Forget saving money, is walking away the right thing to do? |
A recent article in the Arizona Republic about “jingle mail” – when homeowners simply mail the lender back the keys to the home and walk away rather than struggle to pay the mortgage – got me thinking: are there any situations in which walking away is really a better choice in the long run?
Are there really any cases in which people – even those in bad situations now – won’t recoup their losses and do well in the long term?
One problem is that many people got into the recent housing bubble without putting any money down – so there was no real initial investment on their part. So in walking away they only lose their good credit rating (as most initial mortgage payments just go to interest anyway, even on a conventional loan).

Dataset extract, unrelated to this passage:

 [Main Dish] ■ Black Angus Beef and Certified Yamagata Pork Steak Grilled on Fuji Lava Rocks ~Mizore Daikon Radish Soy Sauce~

Even people who bought at the peak of the bubble and saw the value of their homes drop 20% will recoup that loss over time – in a normal market the average annual rate of appreciation is about 6-8%. But maybe, in their minds, it’s less costly to simply walk away from the house that has taken such a hit (their mortgage is for the full value of the house at the peak, after all).
Call me old fashioned, but there’s just something good and solid and, well, American about fulfilling our obligations. I think that it’s about more than just a financial which-costs-me-less decision. I think there’s a lot of value in honoring our obligations, even if that means being upside down on a mortgage until the market rebounds (which it will, no doubt).
Of course, I’m not talking to people who really can’t afford their mortgages. If the decision is between putting food on the table and shoes on your children’s feet or paying the mortgage, by all means, the mortgage is less important. But the borrower profiled in the Arizona Republic article who was walking away from her Tatum Ranch home seemed well able to pay the mortgage.
That’s my 2 cents, anyway. What do you think?